Writer and activist Paul Kivel explains that this erasure is part of “Christian hegemony” — the notion that Christian values and ideas dominate every aspect of American life. In his book, Living in the Shadow of the Cross: Understanding and Resisting the Power and Privilege of Christian Hegemony , Kivel argues that this domination operates through common ideas rooted in Christian thought, through the personal power of individual members of the clergy, and through networks of churches and church affiliates. This concept names the erasure that I’ve felt often in my life: I vividly remember running home crying from an assembly in sixth grade, when classes ended early so that the entire student body could sing carols in advance of Christmas break.

I feel similarly invisible when Christians react to white nationalist violence by denying the Christianity of the perpetrators. In this context, the use of the word “Christian” seems to be a euphemism for “good.” The claim that white nationalists are un-Christian, then, just reinforces the idea that the church is the sole arbiter of good and evil. Insisting on Christian virtue also implies that non-Christians are suspect or deficient. As theologian Jeannine Hill Fletcher argues in The Sin of White Supremacy: Christianity, Racism, and Religious Diversity in America, this notion of a “sliding scale of humanity” has long provided a fundamentally theological basis for the white supremacy that justified black enslavement and Native American genocide.

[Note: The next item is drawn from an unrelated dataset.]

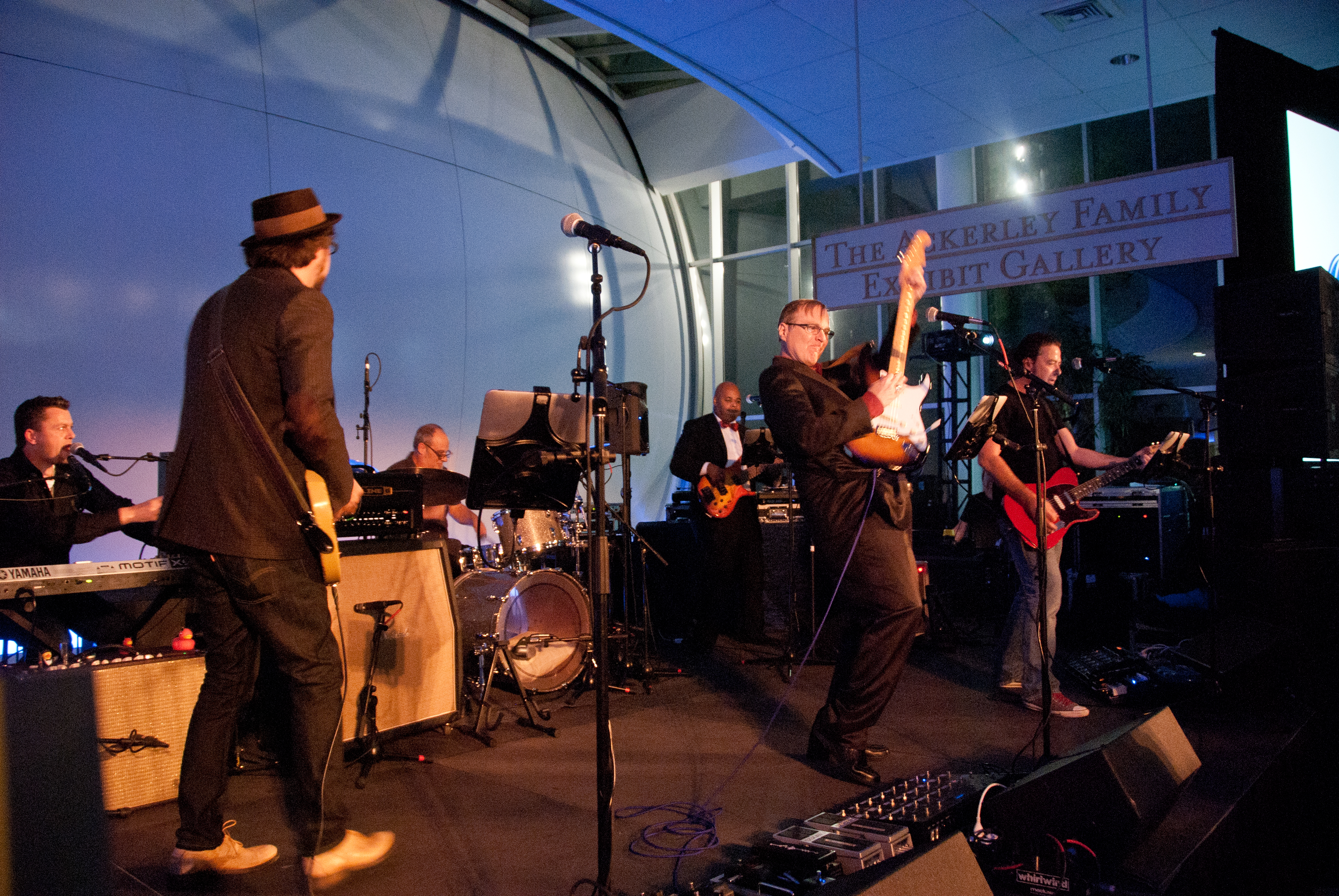 Paul Allen and the Underthinkers at the 10th Anniversary of AIBS gala

Christian belief in a “sliding scale of humanity” is also foundational to anti-Semitism. For nearly a thousand years, ecclesiastical leaders consolidated and legitimated church authority by mythologizing Jews as a perpetual “other” threatening what they imagined as the well-ordered Christian society. The rise of industrial capitalism disrupted this Christian order. Europe saw the emergence of communist and socialist movements as well as a far-right nationalist ideology, which asserted that states should unify around national bonds of blood and language. Amid this period of political unrest, reactionary church officials and lay leaders used the power of the pulpit to revive centuries-old anti-Semitic narratives, blaming “the Jew” for the turmoil of modernity and the decline of Christendom. Contemporary white nationalists have picked up these same themes, today blaming Jews for so-called “white genocide.”

This history can be difficult to stomach. No one likes being told that, despite their best intentions, they may have inadvertently caused harm. But remember: None of this is about whether progressive Christians are “good” people. Our binary conception of good and evil, rooted in Christian teachings about sin and salvation, is not terribly helpful when addressing systemic and generational harms. In the words of Rabbi Abraham Joshua Heschel: “Few are guilty, but all are responsible.”

The Jewish communities I affiliate with are looking for Christian allies who will help us resist Christian dominance. That requires leaders who deeply understand the Church’s historic role in fomenting anti-Semitism, racism, Islamophobia, patriarchy, and colonialism. It also requires Christian activists who commit themselves to doing the difficult and often uncomfortable day-to-day work of challenging Christian supremacy in our movements, schools, governments, workplaces, and social circles. And when the unthinkable happens, Christian activists must respond in a way that centers, rather than silences, the victims.